> **What the task requires**
Return only what runs from the line containing "Aerial view buildings" through the last line of the entries below, exactly, omitting pictures.

(Records from a collection)

== == ==

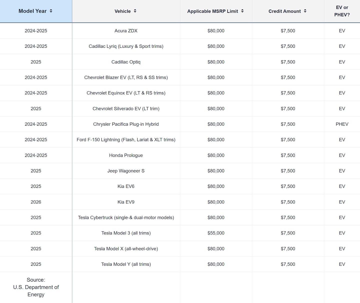 This list is based on data from the U.S. Department of Energy, last updated on January 14, 2025. It affects new cars placed in service from January 1 through December 31, 2025. The list will likely change to include more models in the coming months and years. Edmunds will strive to keep the list current as vehicle manufacturers continue to submit the applicable vehicle information to the relevant government agencies. For those who purchased a vehicle in 2024, the list of eligible vehicles is here.
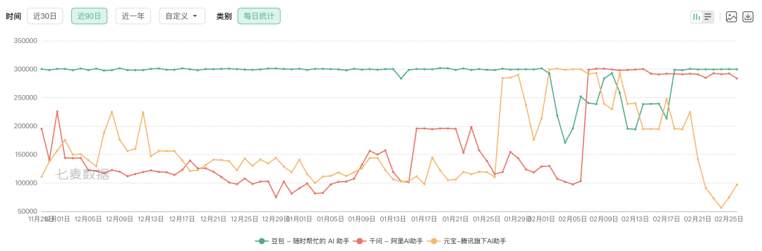 如果对数据进行更深入分析,就会发现这次春节红包大战还是存在差异的。我们对比了一下元宝、千问、豆包过去三月在七麦数据上的下载量预估,可以得出这样一张图:
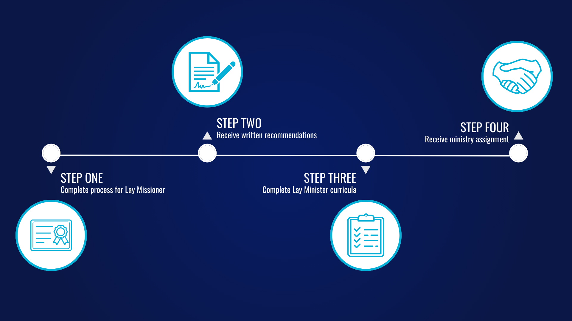 Then you will then need to complete the Lay Minister curricula. This is composed of Modulo Uno: Call and Covenant for Ministry and Modulo Dos: Practice of Ministry. Like the Lay Missioner process, these modules are available in digital, hybrid and in-person settings. Each module’s duration depends on the chosen setting.
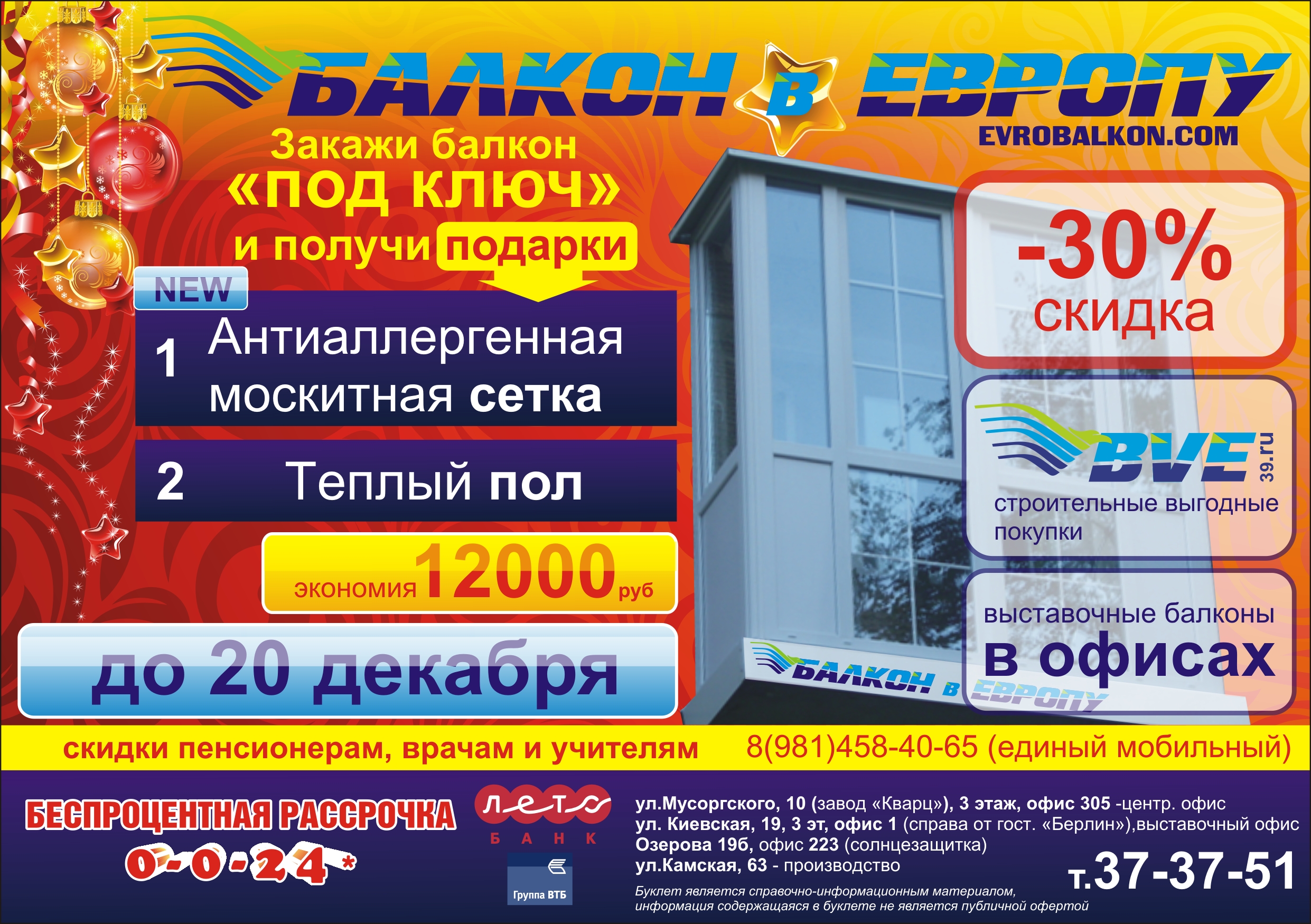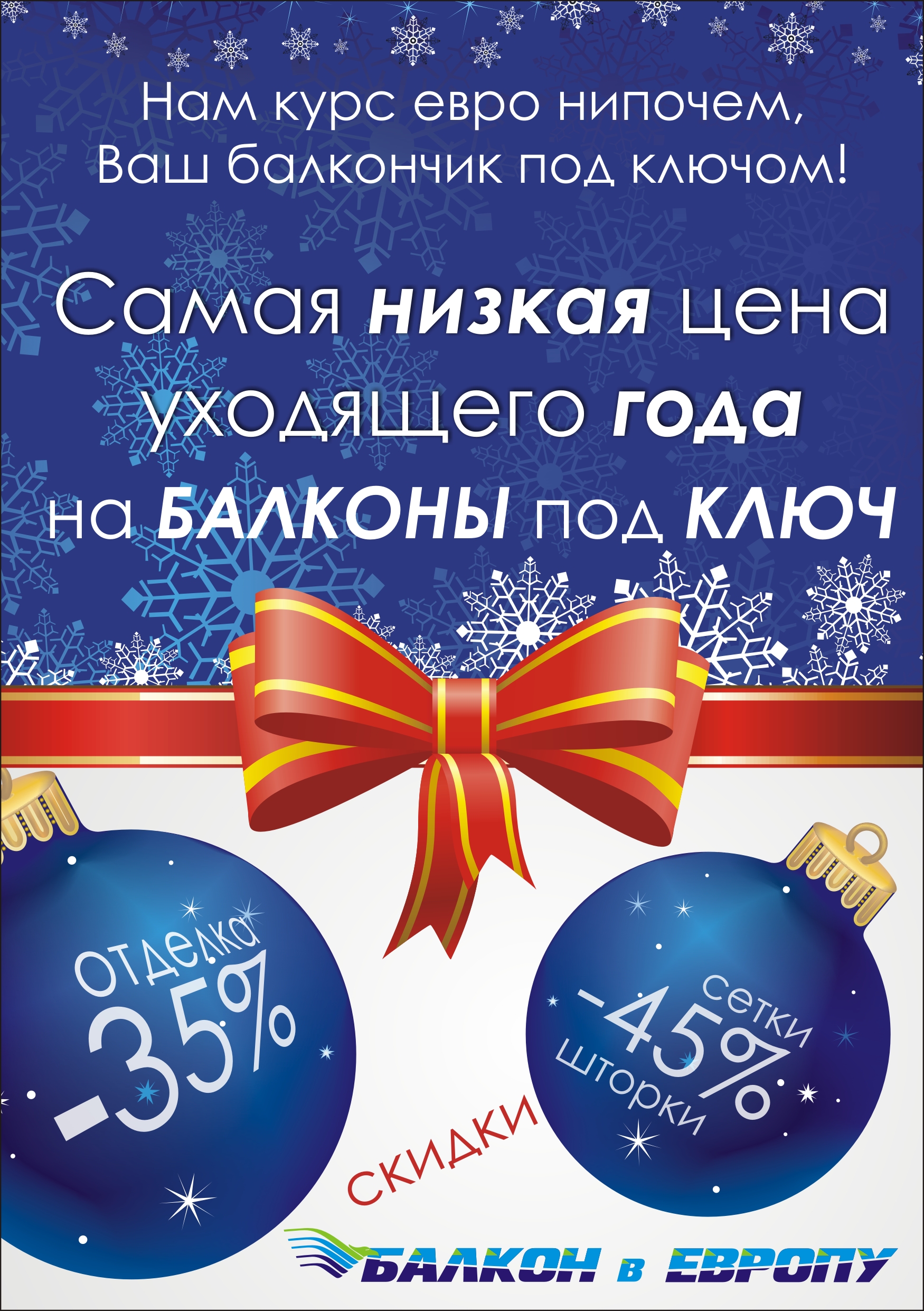 А в честь приближающегося Нового года и Рождества мы спешим порадовать наших клиентов самыми низкими ценами уходящего года! Скидки 35% на отделку, 45% - на москитные сетки и шторки! Но и это еще не все: сэкономьте до 12 000 рублей с компанией "Балкон в Европу": каждому заказавшему балкон "под ключ" мы дарим антиаллергенную москитную сетки и теплый пол! Спешите до 20 декабря!
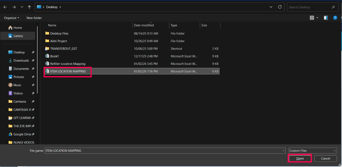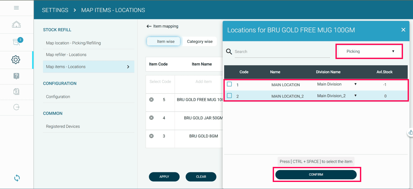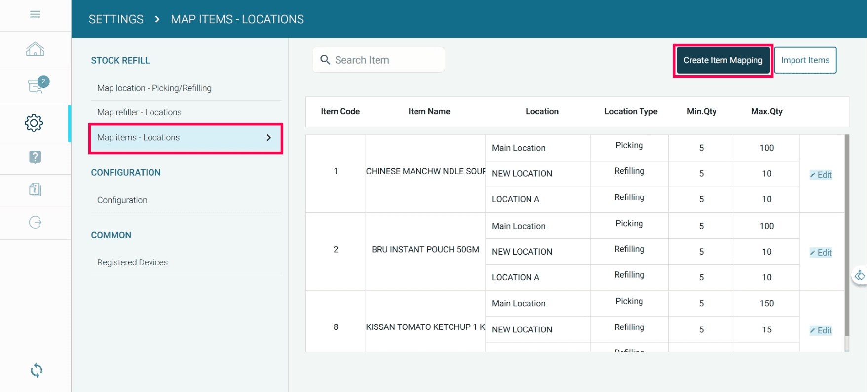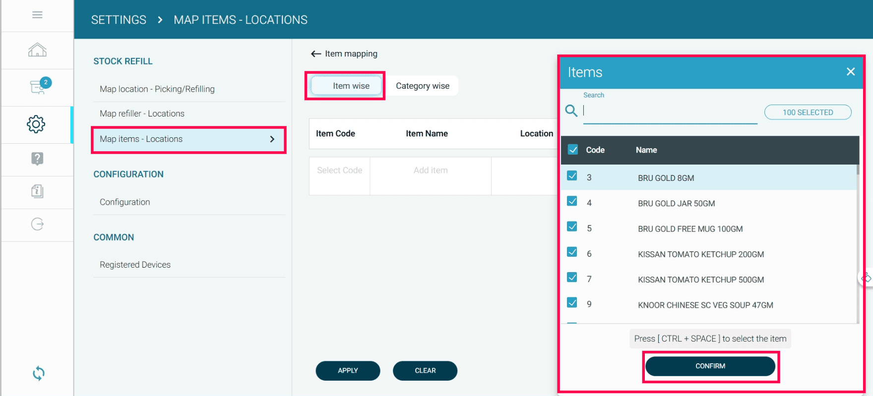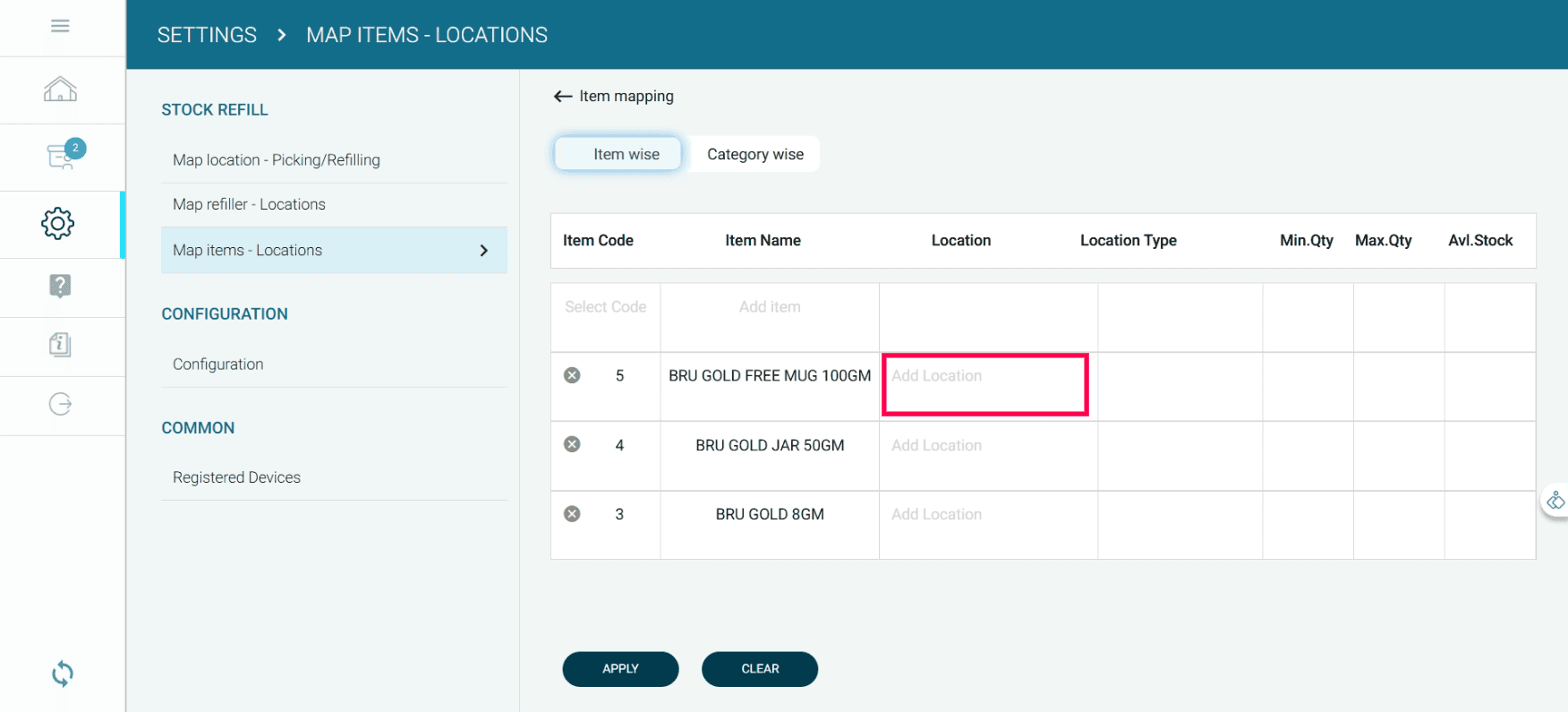 Click the Item wise button to map items with locations.
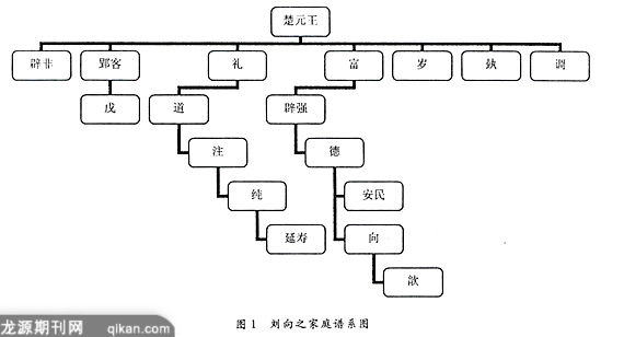诗》于浮邱伯,与申公同师,则向必守家学而为鲁诗学,今即就向之家学作一考论。据《汉书·楚元王传》,向之家族谱系如图1。
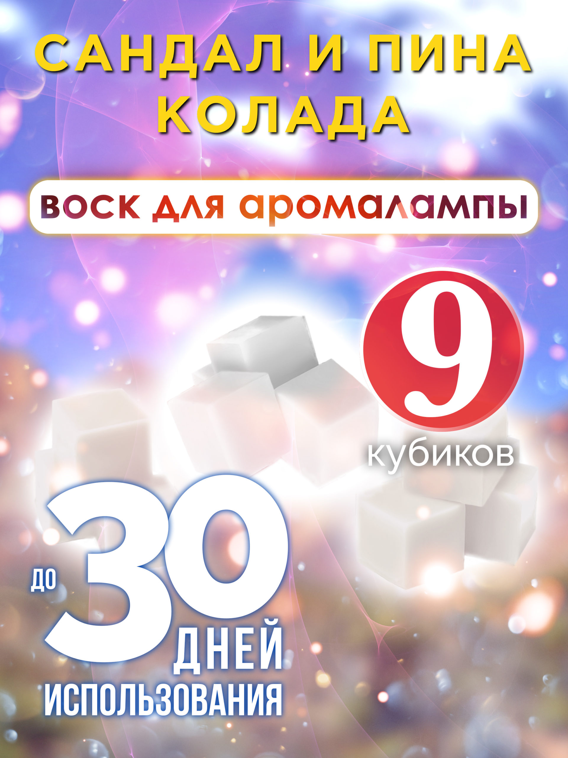 Набор содержит 9 кубиков, каждый из которых наполнен ароматом «Сандал и пина колада».
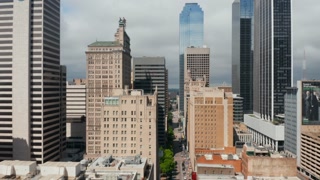 Aerial view buildings downtown. Mixture of old and modern tall buildings in city. View from ascending drone. Dallas, Texas, US
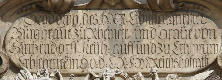 und graue von / Sintzendorff, freyh(err) auff und zu Erns(t)prunn
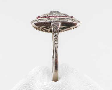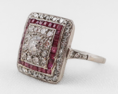 Circa 1930. This platinum Art Deco ring features a square-shaped cluster gallery accented with one bead-set, old European-cut natural diamond, 36 b...
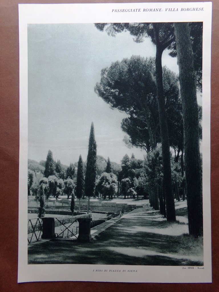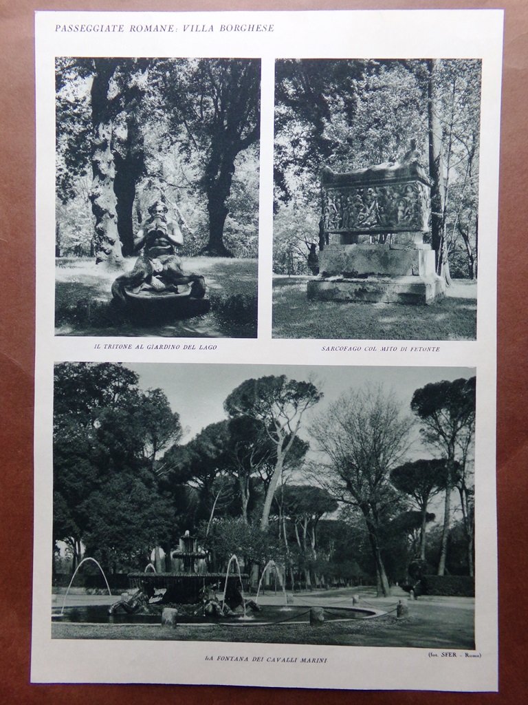 Stampa del 1927 Villa Borghese Fontana Cavalli Marini Fetonte Tritone Lago Pini
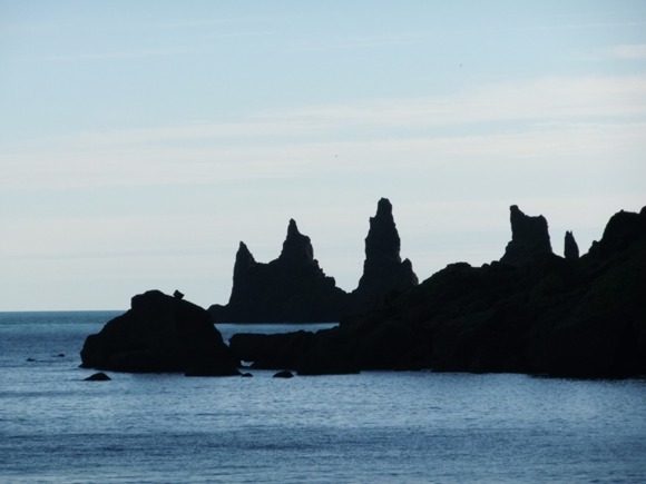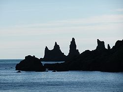 Rock columns sticking out of the sea, called Reynisdrangar. |
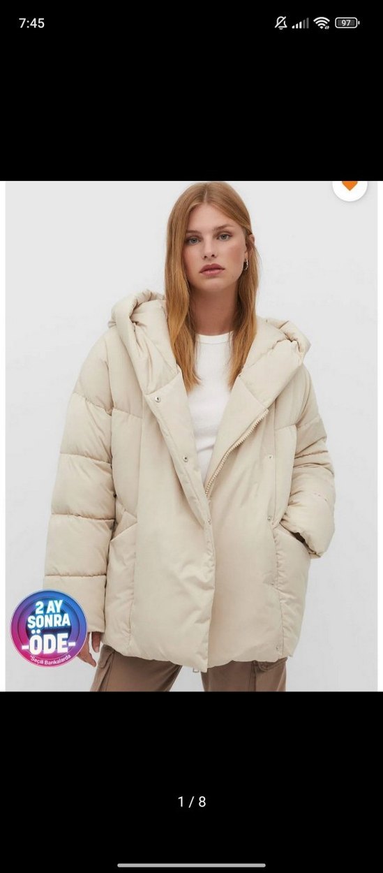 Bej renkli, kapüşonlu ve şişme tasarımlı kadın montu, rahat geniş kesimi ve yüksek yakasıyla dikkat çeker. Yumuşak dokulu kumaştan yapılmış, midi boy ve desensizdir. Az kullanılmış içi yünlü Geniş kesim baya Oversize, bana aşırı bol olduğu için satışa koydum

== == ==

> **Answer to this exercise**
 Aerial view buildings downtown. Mixture of old and modern tall buildings in city. View from ascending drone. Dallas, Texas, US
 und graue von / Sintzendorff, freyh(err) auff und zu Erns(t)prunn
 Circa 1930. This platinum Art Deco ring features a square-shaped cluster gallery accented with one bead-set, old European-cut natural diamond, 36 b...
 Stampa del 1927 Villa Borghese Fontana Cavalli Marini Fetonte Tritone Lago Pini
 Rock columns sticking out of the sea, called Reynisdrangar. |
 Bej renkli, kapüşonlu ve şişme tasarımlı kadın montu, rahat geniş kesimi ve yüksek yakasıyla dikkat çeker. Yumuşak dokulu kumaştan yapılmış, midi boy ve desensizdir. Az kullanılmış içi yünlü Geniş kesim baya Oversize, bana aşırı bol olduğu için satışa koydum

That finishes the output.